БИЧ И МОЛОТ. ОХОТА НА ВЕДЬМ В XVI-XVIII ВЕКАХ 6 страница




Но когда собирался большой шабаш, ведьм прилетало так много, что и не сосчитать. Когда наступало время расходиться, главный дьявол произносил: «Хой! Убирайтесь все, во имя дьявола!» И все расходились так же, как пришли. В частности, она видела на шабаше следующих людей:

(На протяжении нескольких дней, до 26 ноября, обвиняемая назвала 45 сообщников. Каждого названного она одевала в характерную одежду и приписывала ему особое поведение, а также снабжала сопровождающим инкубом или суккубом.)

В.: Правдивы ли все ее показания?

О.: Да. Она может засвидетельствовать свои показания перед Богом и людьми; она желает покаяться и получить святое причастие, а потом расстаться со своими душой и телом.

 

Пятница, 26 ноября 1637 года.

Святотатственные деяния.  

Обвиняемая говорит, что за то время, пока она находилась во власти дьявола, она была на исповеди и получала святое причастие 15 раз. Но 14 лет назад, получив причастие, она положила облатку в платок, принесла домой и выбросила в непотребное место. Двенадцать лет назад она вновь обесчестила святое причастие подобным способом.

Шесть недель назад, когда она получила причастие, она сохранила облатку во рту, принесла ее в сад и положила на крышку колодца. Потом она ударяла ее ножом, пока не брызнула святая чистая кровь; тогда она взяла ее тряпочкой и бросила в колодец. Вместо молитвы она пожелала, чтобы гроза и град истребили урожай. Она назвала нашего возлюбленного Господа убийцей, нашу возлюбленную Богоматерь безбожницей, а всех святых евреями, палачами, рабами, лакеями и другими гнусными именами, какие только могла придумать.

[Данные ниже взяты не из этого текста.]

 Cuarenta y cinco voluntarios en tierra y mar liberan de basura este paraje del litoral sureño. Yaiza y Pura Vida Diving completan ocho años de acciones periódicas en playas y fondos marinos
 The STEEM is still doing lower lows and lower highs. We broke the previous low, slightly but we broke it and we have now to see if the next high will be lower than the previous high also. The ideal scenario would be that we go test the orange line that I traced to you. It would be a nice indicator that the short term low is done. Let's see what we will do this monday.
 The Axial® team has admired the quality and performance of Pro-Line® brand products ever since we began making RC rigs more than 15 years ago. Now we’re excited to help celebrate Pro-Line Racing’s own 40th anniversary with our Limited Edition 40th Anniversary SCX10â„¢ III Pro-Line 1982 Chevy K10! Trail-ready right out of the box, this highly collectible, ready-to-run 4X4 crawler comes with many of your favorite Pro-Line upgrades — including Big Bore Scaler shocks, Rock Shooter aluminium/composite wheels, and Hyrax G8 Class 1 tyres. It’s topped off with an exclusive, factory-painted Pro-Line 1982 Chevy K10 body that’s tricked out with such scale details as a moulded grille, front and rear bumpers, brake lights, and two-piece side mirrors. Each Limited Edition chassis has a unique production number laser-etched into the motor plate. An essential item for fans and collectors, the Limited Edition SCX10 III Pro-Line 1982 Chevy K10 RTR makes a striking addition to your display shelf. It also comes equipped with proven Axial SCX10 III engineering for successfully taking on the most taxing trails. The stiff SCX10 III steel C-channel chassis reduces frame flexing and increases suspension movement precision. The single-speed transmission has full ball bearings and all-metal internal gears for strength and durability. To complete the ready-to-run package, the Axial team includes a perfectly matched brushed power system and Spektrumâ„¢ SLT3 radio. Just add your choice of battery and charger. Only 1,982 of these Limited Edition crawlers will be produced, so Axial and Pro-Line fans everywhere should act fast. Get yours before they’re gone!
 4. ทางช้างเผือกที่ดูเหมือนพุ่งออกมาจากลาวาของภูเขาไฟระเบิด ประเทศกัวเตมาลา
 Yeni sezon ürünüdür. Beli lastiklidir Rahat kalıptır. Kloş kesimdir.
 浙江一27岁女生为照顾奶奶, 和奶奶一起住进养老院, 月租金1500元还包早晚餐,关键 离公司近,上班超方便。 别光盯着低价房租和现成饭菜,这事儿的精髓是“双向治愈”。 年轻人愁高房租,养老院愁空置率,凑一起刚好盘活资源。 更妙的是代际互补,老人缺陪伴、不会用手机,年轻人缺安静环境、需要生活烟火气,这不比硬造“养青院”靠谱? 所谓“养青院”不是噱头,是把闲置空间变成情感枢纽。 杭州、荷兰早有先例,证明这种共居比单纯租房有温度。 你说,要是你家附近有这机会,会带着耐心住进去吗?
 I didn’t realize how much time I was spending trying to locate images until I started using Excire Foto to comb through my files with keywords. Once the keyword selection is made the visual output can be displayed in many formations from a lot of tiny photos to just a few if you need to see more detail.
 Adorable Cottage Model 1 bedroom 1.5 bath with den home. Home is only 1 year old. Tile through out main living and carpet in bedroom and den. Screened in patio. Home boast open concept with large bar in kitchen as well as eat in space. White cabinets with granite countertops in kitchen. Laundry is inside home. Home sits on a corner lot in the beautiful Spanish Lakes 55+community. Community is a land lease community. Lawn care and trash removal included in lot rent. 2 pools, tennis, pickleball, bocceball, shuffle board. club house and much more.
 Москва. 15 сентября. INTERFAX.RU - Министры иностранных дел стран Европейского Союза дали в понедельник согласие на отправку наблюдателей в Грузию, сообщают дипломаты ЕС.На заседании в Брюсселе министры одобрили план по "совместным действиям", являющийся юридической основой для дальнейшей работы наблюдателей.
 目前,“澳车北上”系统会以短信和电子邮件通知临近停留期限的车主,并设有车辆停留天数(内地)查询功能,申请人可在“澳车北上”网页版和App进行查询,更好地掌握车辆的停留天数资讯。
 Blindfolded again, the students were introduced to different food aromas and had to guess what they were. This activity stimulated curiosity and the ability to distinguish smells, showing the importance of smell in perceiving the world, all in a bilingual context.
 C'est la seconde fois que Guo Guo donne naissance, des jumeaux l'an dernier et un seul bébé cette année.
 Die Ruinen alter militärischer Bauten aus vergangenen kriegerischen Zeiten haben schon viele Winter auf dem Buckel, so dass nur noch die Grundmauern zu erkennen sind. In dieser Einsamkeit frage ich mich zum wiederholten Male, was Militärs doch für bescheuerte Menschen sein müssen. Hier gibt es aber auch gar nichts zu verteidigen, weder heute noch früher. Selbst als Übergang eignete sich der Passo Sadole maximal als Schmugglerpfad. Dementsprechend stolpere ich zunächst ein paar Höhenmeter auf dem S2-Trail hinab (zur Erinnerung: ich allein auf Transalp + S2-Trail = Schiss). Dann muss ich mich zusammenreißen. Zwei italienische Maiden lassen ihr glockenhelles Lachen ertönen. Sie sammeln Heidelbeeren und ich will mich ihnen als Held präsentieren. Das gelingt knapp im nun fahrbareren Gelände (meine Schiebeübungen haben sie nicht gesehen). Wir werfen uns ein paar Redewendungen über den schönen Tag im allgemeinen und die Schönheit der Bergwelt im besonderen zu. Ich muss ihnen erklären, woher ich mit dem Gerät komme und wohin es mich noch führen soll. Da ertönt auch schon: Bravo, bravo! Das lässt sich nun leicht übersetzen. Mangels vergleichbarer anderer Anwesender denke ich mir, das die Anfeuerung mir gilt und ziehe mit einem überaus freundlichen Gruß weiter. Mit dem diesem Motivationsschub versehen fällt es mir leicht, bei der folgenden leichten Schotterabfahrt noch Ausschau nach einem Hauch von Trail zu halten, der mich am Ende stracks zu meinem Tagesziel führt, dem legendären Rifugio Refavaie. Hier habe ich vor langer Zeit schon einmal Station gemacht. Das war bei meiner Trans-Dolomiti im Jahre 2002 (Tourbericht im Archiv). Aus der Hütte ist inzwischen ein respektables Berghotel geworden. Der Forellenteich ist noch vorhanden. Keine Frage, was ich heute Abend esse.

В.: Верны ли ее прежние показания?

О.: Да.

Ее подозревают в том, что она вызывала бурю и проходила через закрытые двери в погреба.

 

Суббота, 27 ноября 1637 года.

Вызывание бури.  

Обвиняемая говорит, что долгое время помышляла о буре и помогла вызвать семь раз. Первую она накликала пятнадцать лет назад, между полуднем и часом пополудни, в собственном саду, побуждаемая дьяволом сделать так, чтобы плоды попадали, а не созрели. Так оно и случилось.

В.: При помощи каких снадобий она вызывала бурю, использовала ли при этом что-то еще?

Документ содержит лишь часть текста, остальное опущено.